Sur les 28 284 logements diagnostiqués (source DPE/ADEME), seulement 3,6 % sont classés passoires thermiques F ou G. C'est une proportion faible comparée à de nombreuses villes françaises de même taille, ce qui reflète un parc relativement récent ou déjà partiellement rénové. La consommation moyenne de 124 kWh/m2/an correspond à une classe DPE D, zone frontière entre l'acceptable et le perfectible. Ce niveau n'est pas alarmant, mais il n'est pas non plus vertueux. Pour un appartement de 70 m2, cela représente environ 8 680 kWh annuels — selon le mode de chauffage, la facture peut varier considérablement. Le croisement avec les prix est direct et décisif : la loi Climat impose l'interdiction de mise en location des logements classés G depuis le 1er janvier 2025, des F à partir de janvier 2028, et des E à partir de 2034. Acheter aujourd'hui un bien classé F à Aix, même avec une décote de prix, c'est acheter un bien qu'on ne pourra plus louer dans moins de trois ans sans réaliser des travaux. À 5 082 EUR/m2 pour un appartement, le budget travaux de rénovation énergétique pour passer d'un F à un D peut représenter 15 000 à 40 000 EUR selon la configuration — à intégrer systématiquement dans le prix de revient réel, pas dans une ligne 'à voir plus tard'. La bonne nouvelle : avec 3,6 % de passoires seulement, la majorité du marché échappe à cette contrainte.
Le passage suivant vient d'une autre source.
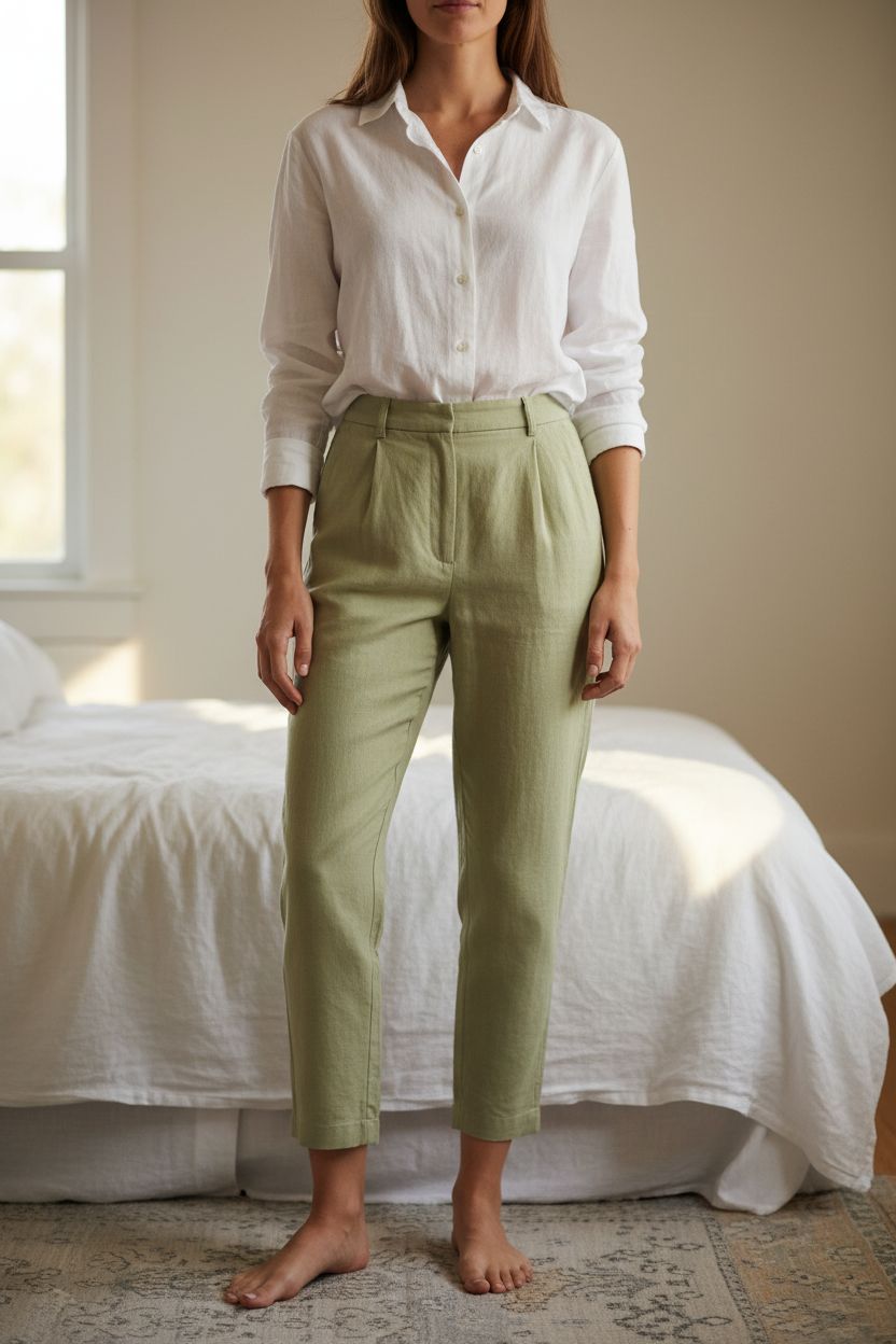 Basler leichte Sommerhose grün Gr. 42 (XL) leicht und elegant aufrecht stehend, der Kamera zugewandt, in einem sanft beleuchteten Schlafzimmer, mit natürlichem Licht, das durch ein Fenster fällt.

Mais ce 3,6 % sera mis sous pression vendeuse dans les prochains mois, ce qui peut créer des opportunités d'achat décotées pour des investisseurs capables d'absorber le coût de rénovation — à condition de modéliser le projet avec un maître d'oeuvre avant de signer.
Vivre à Aix-en-Provence : services, démographie et contexte socio-économique ?
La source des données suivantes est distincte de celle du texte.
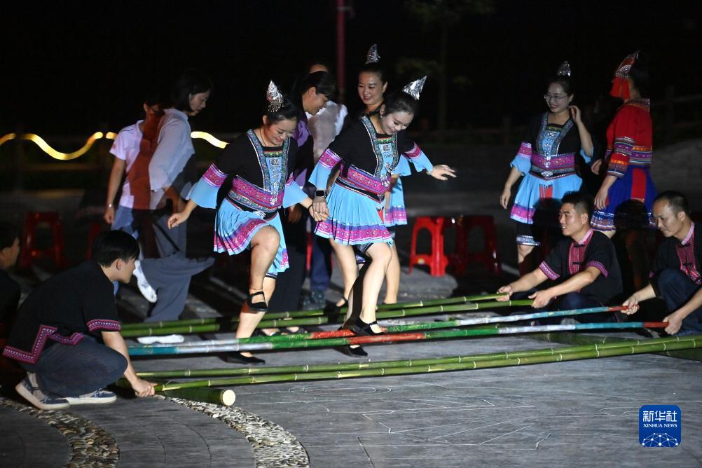 9月5日,在梧州市蒼梧縣六堡鎮山坪村同心廣場(chǎng),各族干部群眾在篝火晚會(huì )上跳竹竿舞。
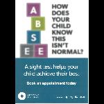 Public information poster for use by opticians. A3 portrait format, printed in colour. Features a message in blurred lettering shown against children's building blocks similarly bearing blurred letters, plus a recommendation to book a sight test appointment. Reverse features '5 Ways to protect your children's eyes'.

Sur les équipements de proximité, les données BPE/INSEE placent Aix-en-Provence au niveau maximal sur quatre dimensions : transports, éducation, santé et commerces — tous à 100. Pour une famille ou un actif qui valorise l'accessibilité aux services du quotidien, c'est un atout structurel qui justifie en partie la prime de prix par rapport à des communes périphériques moins dotées. La démographie est légèrement positive : +1,5 % sur cinq ans pour une ville de 147 478 habitants. Ce n'est pas une explosion de population, c'est une croissance douce qui maintient la demande de logements sans créer de tensions incontrôlables. Le tissu économique est dense : 16 115 établissements actifs, 5 544 créations sur douze mois. Ces chiffres suggèrent un bassin d'emploi diversifié qui génère une demande résidentielle continue — un facteur de soutien pour la valeur immobilière à long terme. Mais le tableau socio-économique est plus nuancé. Le revenu médian des ménages s'établit à 25 543 EUR par an (source INSEE/IRIS), avec un taux de pauvreté à 16,5 % et un taux de chômage à 12,5 %. Ces chiffres sont au-dessus des moyennes nationales pour ces indicateurs et signalent une ville dualement structurée : un segment aisé qui soutient les prix hauts, et une population précaire significative. Pour un investisseur locatif, ce dualisme a une implication concrète : le locataire solvable capable d'absorber les loyers cohérents avec 5 000 EUR/m2 représente une fraction de la population totale. Le score de localisation à 65 et le score de sécurité à 64 sur 100 indiquent une performance correcte mais non exceptionnelle sur ces deux dimensions — des niveaux à mettre en rapport avec la taille et la complexité d'une ville de 147 000 habitants, qui inclut des secteurs très disparates.